09 setembro 2009

Deixar ir...



o Domingo
o Sol
a Juventude
os Antigos Amores.
Para que a Segunda venha
a Chuva venha
a Velhice venha
Novos Amores venham
a Morte venha.


Dizem os budistas que a raiz de todas as dores está no apego.
O rabino Nilton Bonder, em um curso, disse que quando uma pessoa não quer morrer, ou seja, está agonizando, mas não consegue desprender-se da vida, se faz necessário uma conversa com o quase morto sobre o por quê de ele não querer ir, da importância de 'soltar' as pessoas, os bens ou qualquer coisa que o mantenha preso a essa vida.
Tarefa muito difícil para os familiares, pois, apesar do sofrimento, ainda preferimos a pessoa viva. Por isso a necessidade de um rabino, pastor, benzedor, padre ou qualquer outra pessoa isenta de emoção por aquele ser para 'conversar' com o escolhido da Dona Morte.
Estava com uma gatinha doente há meses. Passamos por mudanças de casa, de cidade, sofremos um grave acidente de carro e muitas outras situações delicadas nesse tempo. E, mesmo em seu corpinho cansado, ela aguentou firme ao meu lado.
Na verdade sempre foi assim. Sua mãe, Marie, só deu à luz à Cindi e aos seus irmãos quando eu pude estar ao seu lado e, desse modo, acompanhar e auxiliar no parto.
Minha filha a adotou, mas ela me escolheu.
Animais têm dessas coisas: pensamos que escolhemos, mas nós é que somos escolhidos.
Suspeito ser isso coisa de anjo.
Ela acompanhou meus anos na faculdade, meu desenvolvimento profissional. Acompanhou cada passo do crescimento da minha filha. Mudanças pessoais, doenças e alegrias.
Com exceção das noites em que estive viajando, nunca dormiu separada de mim. Sempre fazia questão de deixar uma pata encostada no meu corpo como quem diz "olha, estou aqui". E sempre esteve.

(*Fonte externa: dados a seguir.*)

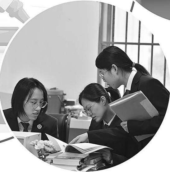
▲安徽省合肥高新技术产业开发区检察院检察官在讨论案情。
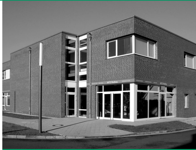
WTZ Roßlau gGmbH
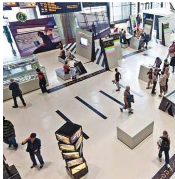
Expositions privatisables sur Explora
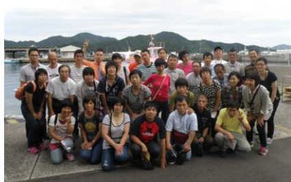
毎年恒例の忘年会旅行です。
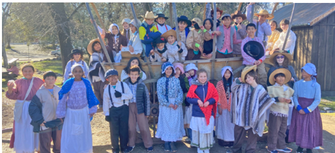
Fourth graders learn about the gold rush during an overnight field trip to Columbia State Park.
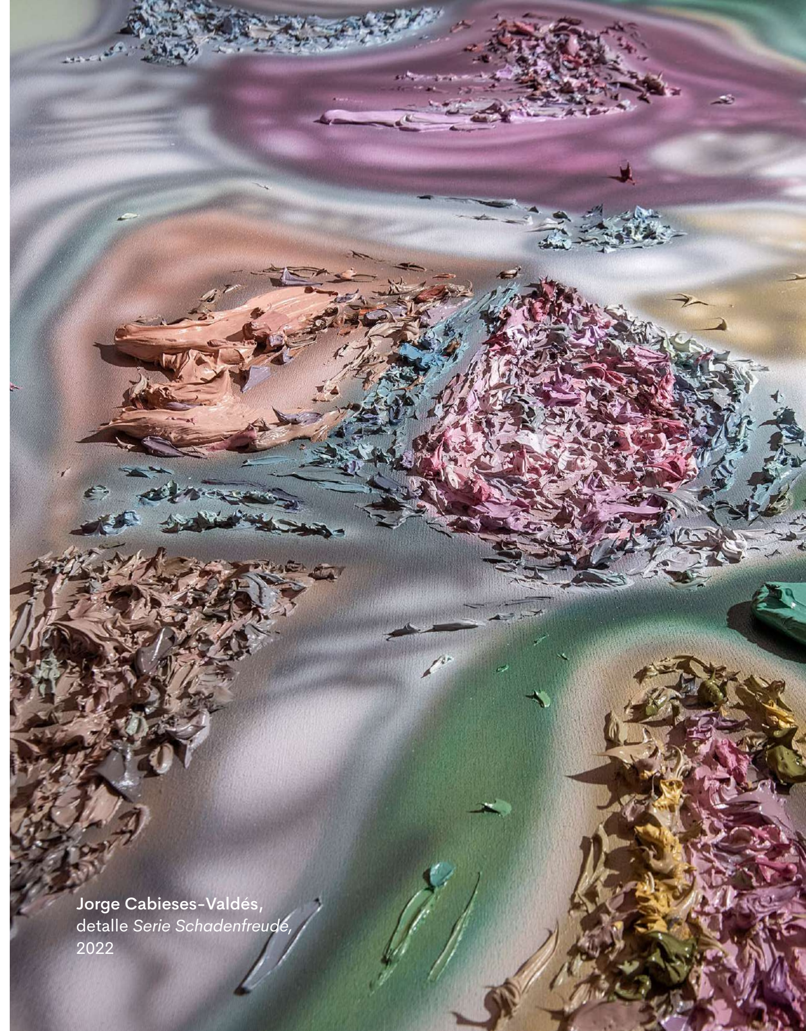
Jorge Cabieses-Valdés, detalle Serie Schadenfreude, 2022
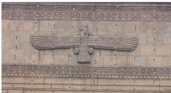
تصویر شماره ۱۱: استفاده از نقش فروهر در ساختمان بانک ملی

«ساختمان بانک ملی ایران که در سال ۱۳۰۹ ساخته شد، برای نخستین بار معماری باستانی ایران و معماری اروپا را در یک جا عرضه کرد. در این بنا نقش فروهر دوباره پس از ۲۵۰۰ سال مورد استفاده قرار گرفت.» (رجبی، ۱۳۵۵: ۴۲) (تصویر شماره ۱۱).
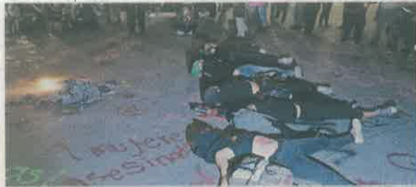
NOVIEMBRE 25. El día contra la violencia hacia las mujeres se desarrolló otra protesta.

Figura silenciosa e misteriosa mais que todos os outros gatos que já tive. Não conhecemos o som do seu miado. Jamais se interessou em conhecer a rua e deixava bem claro que só adorava a mim e só a mim 'prestava reverência', ignorando por completo os demais.

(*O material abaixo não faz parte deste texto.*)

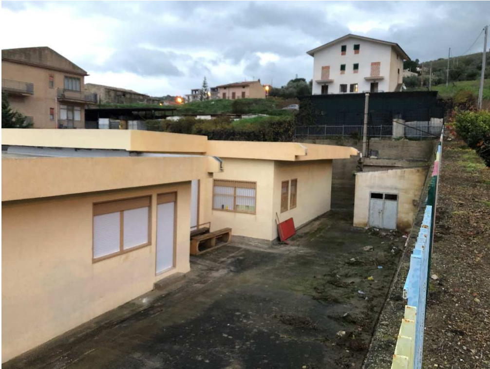
Figura 5 – Ripresa fotografica dalla via Placido di Blasi del prospetto SE della scuola materna
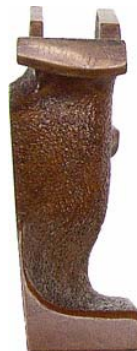
schmale seitliche Anlage für Handballen optimal
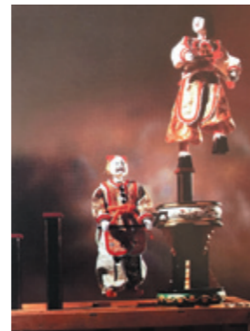
▲碧南市大浜中区のからくり人形

今後も犬山とご縁を大切にお 互いの祭を通し、まちづくりをしっ かり支えていきたいと思えます。
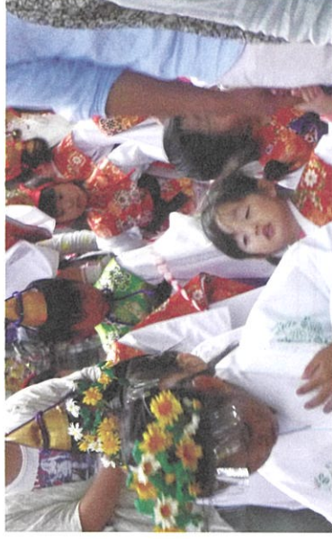
あおやぎほうしゅうえ 青柳放生会

市指定文化財。青柳の寺浦の大日堂に祀られ、頭部と軀内に墨書銘があり、文明7年(1475年:室町時代)など文字が残されている。造立から500年以上もたった今日、このような上品で宮廷風の仏像を拝することが出来るのは、数回にわたり修理・修復が行われてきたからで、いかにこの地が長い間、厚い信仰心とともに生きてきたかが伺える。9代目運慶の作とも、9代目運慶の弟子の作とも、双方の合作とも考えられるが、真実はまだ定かではない。

Eu costumava brincar com a minha filha dizendo que ela, a Cindi, era minha conselheira. Mas, de alguma forma que não sei explicar, nos comunicávamos.
Hoje não foi diferente.
Na sua agonia de morte não conseguia me afastar dela e não me permitia soltar sua pata. Decidi que não almoçaria e adiaria todos os compromissos.
Ela disse 'não', que não concordava com isso e que nossa 'conversa' seria breve! Insisti.
Falei, da boca pra fora que compreendia que havia chegado sua hora.. mas não a soltava. Queria manter com meus dedos os frágeis fios de vida que a prendiam.
Com muito custo sentei-me numa cadeira distante e em pensamento lamentava seus últimos meses e pensava no quão injusta é vida! Ela me disse "Não é esse o fio de raciocínio que quero que siga". "Tudo bem", respondi. Respirei fundo. Resolvi silenciar a mente tagarela.
De repente o que comecei a sentir foi uma enorme gratidão por todos os anos em que ela se dedicou a mim. Por sua companhia, presença, 'conselhos' e amor. Compreendi que precisava deixá-la ir, que estava sendo cruel e egoísta querendo mais tempo a seu lado.
"Sou humana, Cindi".
Me fez prometer que me cuidaria melhor e que seria uma boa companheira de mim mesma e de quem quer que fosse, como ela me ensinou.
Morreu em paz, depois dessa nossa última conversa.